Hence, the equation of the line is determined to be: \[ 7x - 3y + 10 = 0 \]

Step 3: Establish the condition for the line to be tangent to the circle.

The line \( 7x - 3y + 10 = 0 \) is tangent to the circle. This implies that the perpendicular distance from the circle's center \( (1, -1) \) to this line is equal to the circle's radius \( r \).

The formula for the distance \( d \) from a point \( (x_1, y_1) \) to a line \( ax + by + c = 0 \) is: \[ d = \frac{|a x_1 + b y_1 + c|}{\sqrt{a^2 + b^2}} \]

Substitute the values \( a = 7, b = -3, c = 10, \) and \( (x_1, y_1) = (1, -1) \): \[ d = \frac{|7(1) - 3(-1) + 10|}{\sqrt{7^2 + (-3)^2}} = \frac{|7 + 3 + 10|}{\sqrt{49 + 9}} = \frac{20}{\sqrt{58}} \] \[ r = \frac{20}{\sqrt{58}} \]

Step 4: Formulate the equation of the circle.

The equation of a circle with center \( (h, k) \) and radius \( r \) is \( (x - h)^2 + (y - k)^2 = r^2 \).

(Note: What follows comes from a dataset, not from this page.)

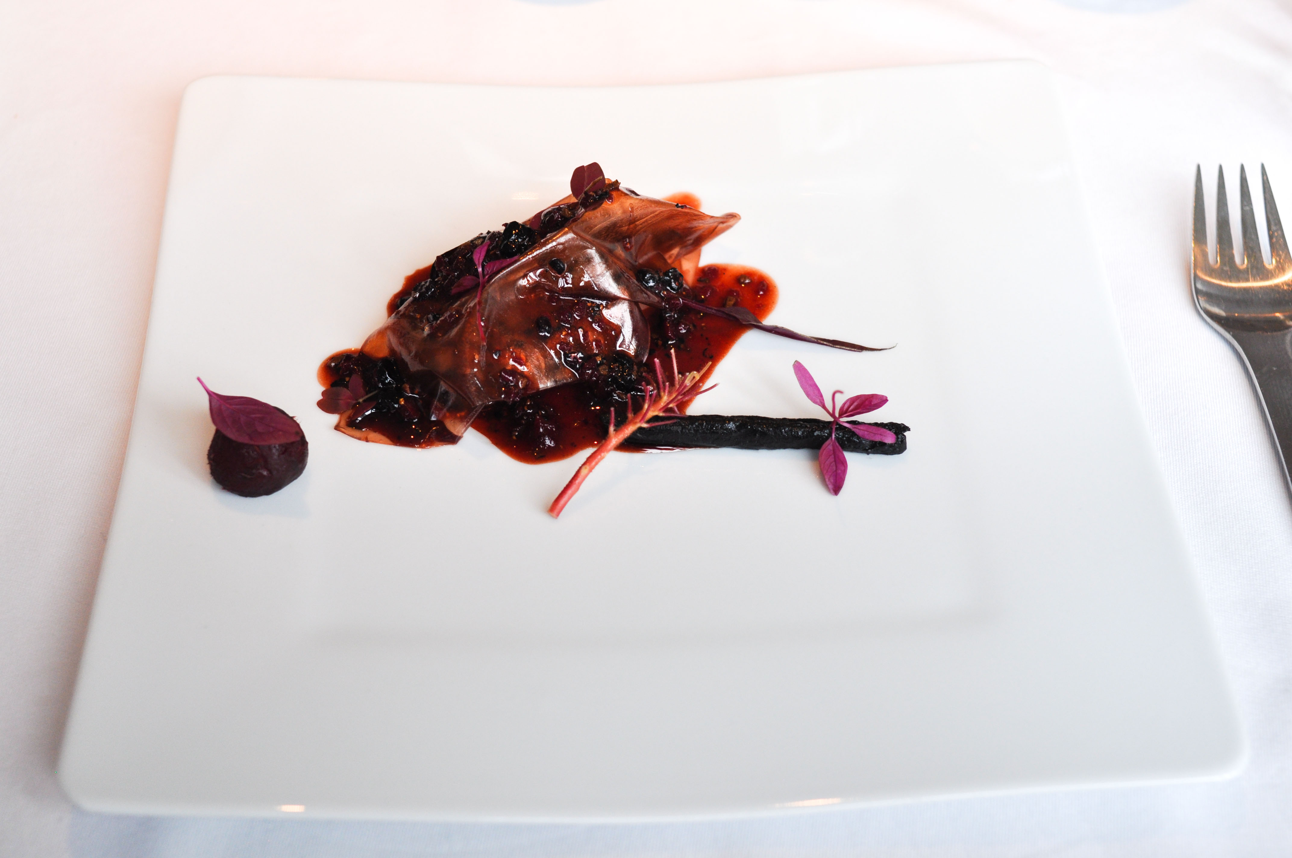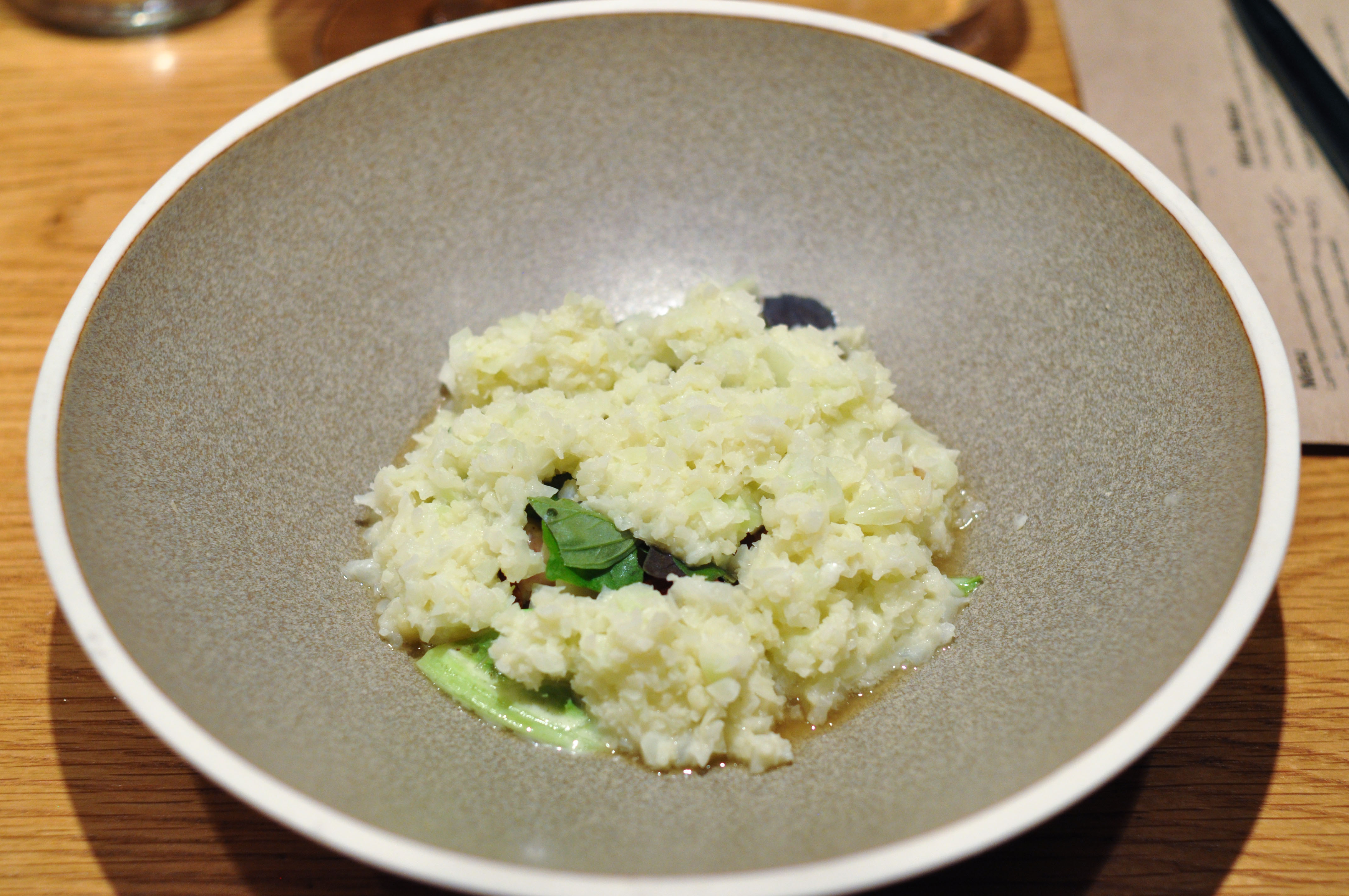 Veal sweetbread, cauliflower and basil. I love cauliflower. I love basil. Sometimes I like sweetbreads. Every now and then I love sweetbreads. I was astounded by how good this plate was. The glands were cooked perfectly. The chopped cauliflower was seasoned superbly. Taking the time to thoroughly chew these bites was a wonderfully rewarding experience.

Using the derived center \( (1, -1) \) and radius squared \( r^2 = \left(\frac{20}{\sqrt{58}}\right)^2 = \frac{400}{58} = \frac{200}{29} \):

\[ (x - 1)^2 + (y + 1)^2 = r^2 = \frac{400}{58} = \frac{200}{29} \] \] \[ (x - 1)^2 + (y + 1)^2 = \frac{200}{29} \]

Step 5: Identify the point of tangency (P).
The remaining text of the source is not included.